Once the images are set aside, return every entry exactly.

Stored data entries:
--------------------------------

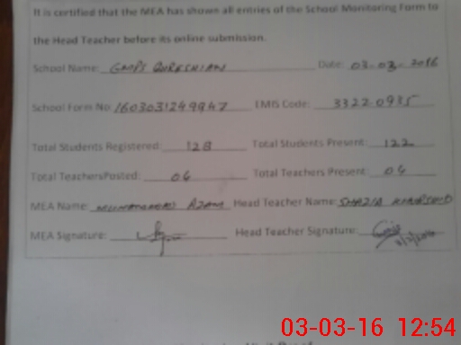 | EMIS Code: 33220935 | Name of School: GMPS QURESHIAN | |||
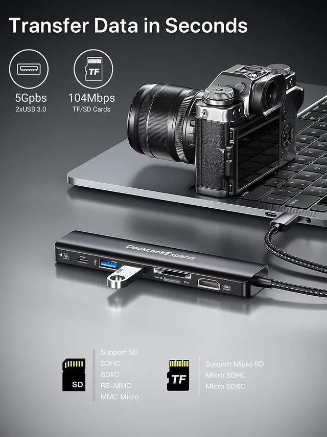 Memory Card ReaderUSB C Hub Multiport Adapter Docking StationUSB C to USB A Adapter DockteckExpand 5 in 1 USB C Docking Station Plug and Play, No Software, Drivers required 100W PD Fast Charging Port Wide Compatibility USB C to USB 3.0 HUB Ideal for Play Game 4K@30Hz USB C Hub HDMI Slim and Portable Compatible Devices (INCOMPLETE
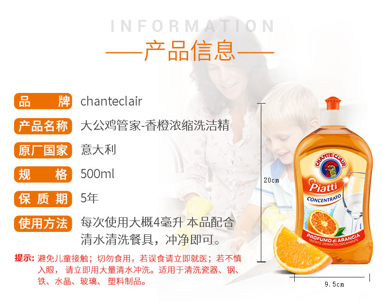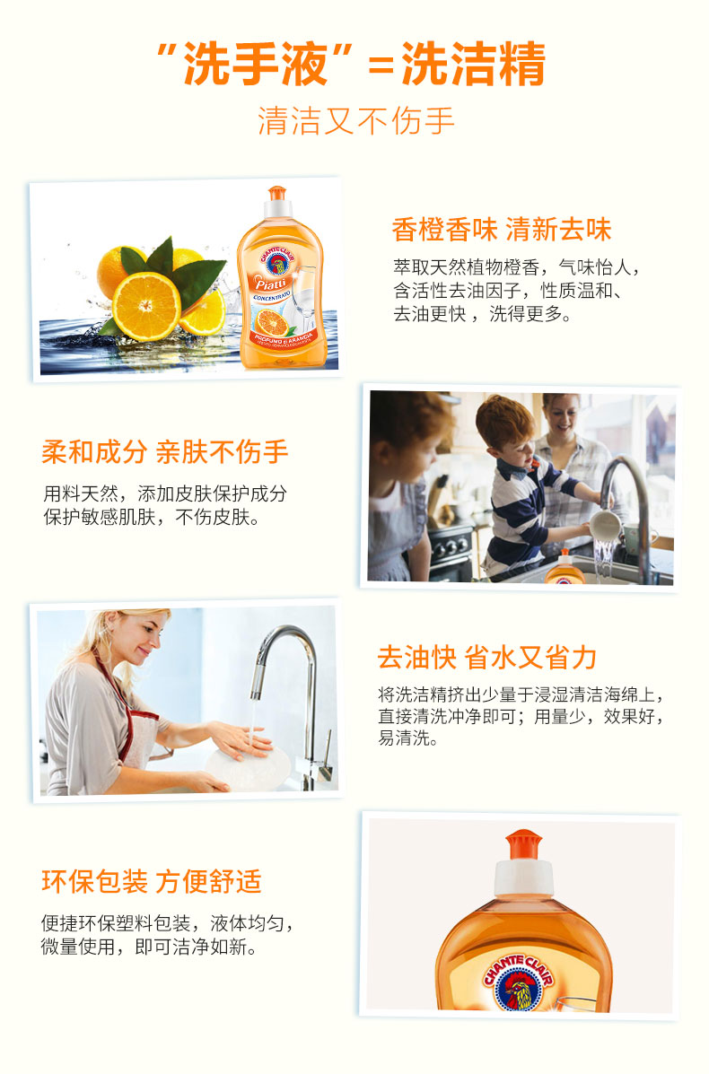 意大利大公鸡浓缩洗洁精 家用厨房果蔬餐具专用洗涤剂 小瓶去油污
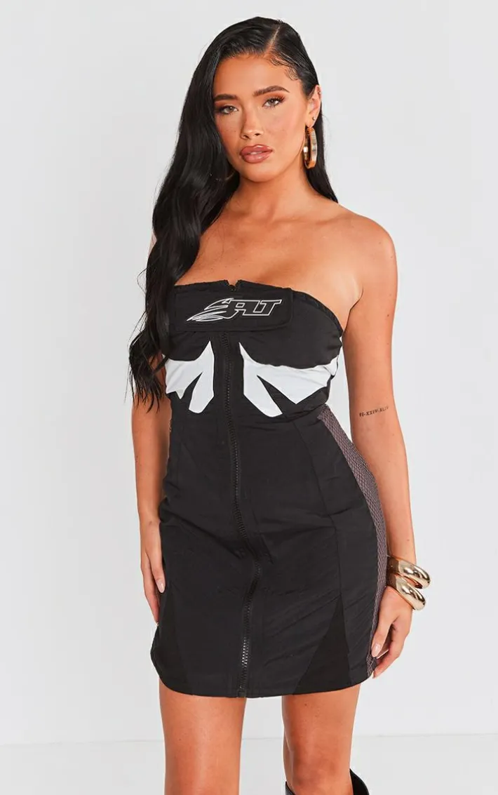 Add a little edge to your weekend wardrobe with this PrettyLittleThing black motorcross panelled bandeau bodycon dress, get ready to have heads turning for all the right reasons. With a black material, a panelled design and a bandeau style, this bodycon dress just went straight to the to pog your hit list. Pair it with knee high heeled boots, a mini bag and gold jewelry for a look everyone will want.
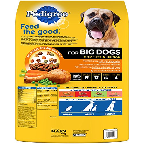 PEDIGREE Dry Dog Food for Big Dogs contains glucosamine and chondroitin. PEDIGREE Dry Dog Food contains the antioxidant, vitamin E, to help support a healthy immune system and calcium and phosphorus for strong bones.
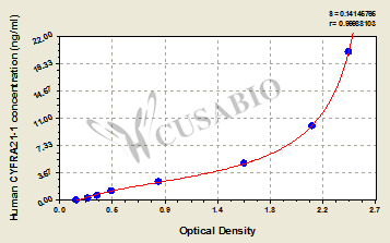 通過線性范圍來計算出實際的檢測樣本值,定量試劑盒標準曲線的相關系數R大于0.99。以CSB-E07270h(人脂聯素(ADP)ELISA Kit)為例的標準曲線。
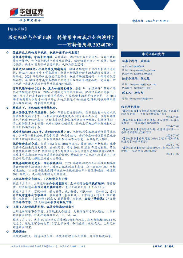 【华创证券】【20240709】可转债:历史经验与当前比较,转债集中破底后如何演绎?-20页
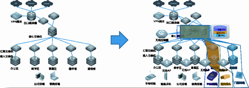 云校园网可以广泛承载学校的各个信息化业务系统。目前,国内很多高校除了一张给师生提供上网的校园网之外,还有很多张与校园网物理隔离的业务子网,一般包括:一卡通网、视频监控网和财务网等。但各种业务专网的建设致使校园网除了作为师生的上网通道之外,不承载学校的核心业务,所以在长期的发展过程中网络中心的地位逐渐被边缘化。而且,随着信息化建设“边际效益”的变小,使得网络建设项目的效益越来越不明显。导致这种边缘化趋势越来越显著。
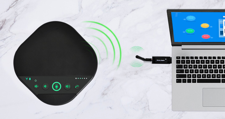 - Wireless 2.4G transmission, without any cable connection to Video Conferencing terminal, PC..

--------------------------------

SOLUTION TO THE EXERCISE:
 | EMIS Code: 33220935 | Name of School: GMPS QURESHIAN | |||
 Memory Card ReaderUSB C Hub Multiport Adapter Docking StationUSB C to USB A Adapter DockteckExpand 5 in 1 USB C Docking Station Plug and Play, No Software, Drivers required 100W PD Fast Charging Port Wide Compatibility USB C to USB 3.0 HUB Ideal for Play Game 4K@30Hz USB C Hub HDMI Slim and Portable Compatible Devices (INCOMPLETE
 意大利大公鸡浓缩洗洁精 家用厨房果蔬餐具专用洗涤剂 小瓶去油污
 Add a little edge to your weekend wardrobe with this PrettyLittleThing black motorcross panelled bandeau bodycon dress, get ready to have heads turning for all the right reasons. With a black material, a panelled design and a bandeau style, this bodycon dress just went straight to the to pog your hit list. Pair it with knee high heeled boots, a mini bag and gold jewelry for a look everyone will want.
 PEDIGREE Dry Dog Food for Big Dogs contains glucosamine and chondroitin. PEDIGREE Dry Dog Food contains the antioxidant, vitamin E, to help support a healthy immune system and calcium and phosphorus for strong bones.
 通過線性范圍來計算出實際的檢測樣本值,定量試劑盒標準曲線的相關系數R大于0.99。以CSB-E07270h(人脂聯素(ADP)ELISA Kit)為例的標準曲線。
 【华创证券】【20240709】可转债:历史经验与当前比较,转债集中破底后如何演绎?-20页
 云校园网可以广泛承载学校的各个信息化业务系统。目前,国内很多高校除了一张给师生提供上网的校园网之外,还有很多张与校园网物理隔离的业务子网,一般包括:一卡通网、视频监控网和财务网等。但各种业务专网的建设致使校园网除了作为师生的上网通道之外,不承载学校的核心业务,所以在长期的发展过程中网络中心的地位逐渐被边缘化。而且,随着信息化建设“边际效益”的变小,使得网络建设项目的效益越来越不明显。导致这种边缘化趋势越来越显著。
 - Wireless 2.4G transmission, without any cable connection to Video Conferencing terminal, PC..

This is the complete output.